Business school of the University of Chicago

The University of Chicago Booth School of Business (branded as Chicago Booth) is the graduate business school of the University of Chicago, a private research university in Chicago, Illinois, United States. Founded in 1898, Chicago Booth is the second-oldest business school in the U.S. and is associated with 10 Nobel laureates in the Economic Sciences, more than any other business school in the world.
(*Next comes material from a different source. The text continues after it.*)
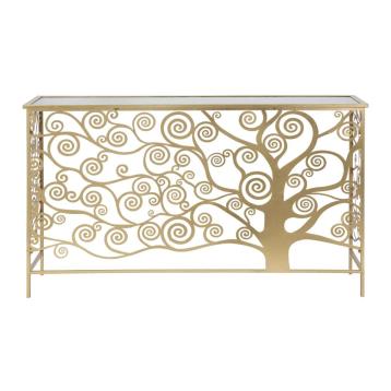 Elegante console in metallo dorato con piano in vetro a specchio dalle linee morbide e tondeggianti. eleganza e design si fondono ...

Notable Chicago Booth alumni include James O. McKinsey, founder of McKinsey & Company; Peter G. Peterson, co-founder of Blackstone; Susan Wagner, co-founder of Blackrock; Eric Kriss, co-founder of Bain Capital; Roger Altman, co-founder of Evercore; Satya Nadella, current CEO of Microsoft; and other current and former CEOs of Fortune 500 companies such as Allstate Insurance, Booz Allen Hamilton, Cargill, Chevron, Chipotle Mexican Grill, Credit Suisse, Dominos, Goldman Sachs, IBM, Morgan Stanley, Morningstar, PIMCO, Reckitt Benckiser, and Starbucks.

==History==
The University of Chicago Booth School of Business traces its roots to 1898 when university faculty member James Laurence Laughlin chartered the College of Commerce and Politics, which was intended to be an extension of the school's founding principles of "scientific guidance and investigation of great economic and social matters of everyday importance." The program originally served as a solely undergraduate institution until 1916, when academically oriented research masters and later doctoral-level degrees were introduced.
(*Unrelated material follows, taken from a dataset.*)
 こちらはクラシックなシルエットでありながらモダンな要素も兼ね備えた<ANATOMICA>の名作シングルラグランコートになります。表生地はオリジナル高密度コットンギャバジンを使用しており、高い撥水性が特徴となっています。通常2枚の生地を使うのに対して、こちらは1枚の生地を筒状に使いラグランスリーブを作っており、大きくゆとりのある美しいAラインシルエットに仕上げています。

In 1916, the school was renamed the School of Commerce and Administration. Soon after in 1922, the first doctorate program was offered at the school. In 1932, the school was rechristened as the School of Business. The School of Business offered its first Master of Business Administration (MBA) in 1935. A landmark decision was taken by the school at about this time to concentrate its resources solely on graduate programs, and accordingly, the undergraduate program was phased out in 1942. In 1943, the school launched the first Executive MBA program. The school was renamed to the Graduate School of Business (or more popularly, the GSB) in 1959, a name that it held until 2008.
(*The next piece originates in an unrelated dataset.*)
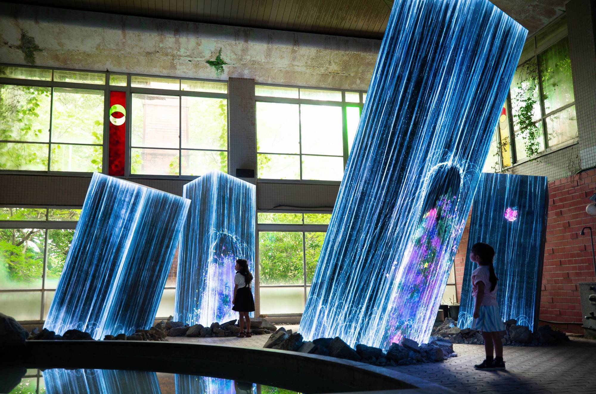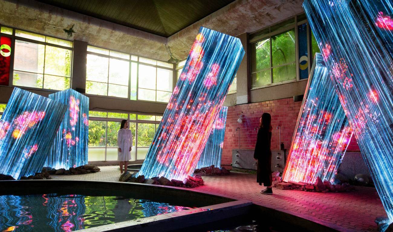 Yet another stunning project from TeamLab, this time a cluster of “megaliths” placed in an abandoned bathhouse.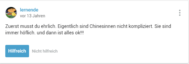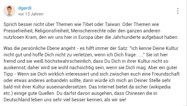 导语:德国版知乎“gutefrage”上出现了一个恋爱求助帖:德国人楼主对一位中国女同事心生爱意,但在对中国文化习俗不了解的情况下,他怕贸贸然坏了她的规矩,由此引出了一系列回复。从中我们也窥见了德国人对中国女性的印象。

During the latter half of the twentieth century, the business school was instrumental in the development of the Chicago school of economics, an economic philosophy focused on free-market, minimal government involvement, due to faculty and student interaction with members of the university's influential Department of Economics. Other innovations by the school include initiating the first PhD program in business (1920), founding the first academic business journal (1928), offering the first Executive MBA (EMBA) program (1943), and for offering the first weekend MBA program (1986). Students at the school founded the National Black MBA Association (1972), and it is the only U.S. business school with permanent campuses on three continents: Asia (2000), Europe (1994), and North America (1898).

=== Renaming through donation ===
On November 6, 2008, alumnus David G. Booth (MBA 1971) gave the school a gift valued at US$300 million, and in honor of the gift, the Graduate School of Business was renamed the University of Chicago Booth School of Business.

On November 15, 2016, following a US$10 million gift from alumnus and university trustee Byron D. Trott (AB 1981; MBA 1982) and his wife, Tina, the school renamed its undergraduate UChicago Careers in Business Program the "Trott Business Program"; Trott had also helped launch the program in 2006. On April 28, 2023, alumnus Ross Stevens (PhD 1996) donated US$100 million to support Chicago Booth's PhD program, which was renamed the Stevens Doctoral Program.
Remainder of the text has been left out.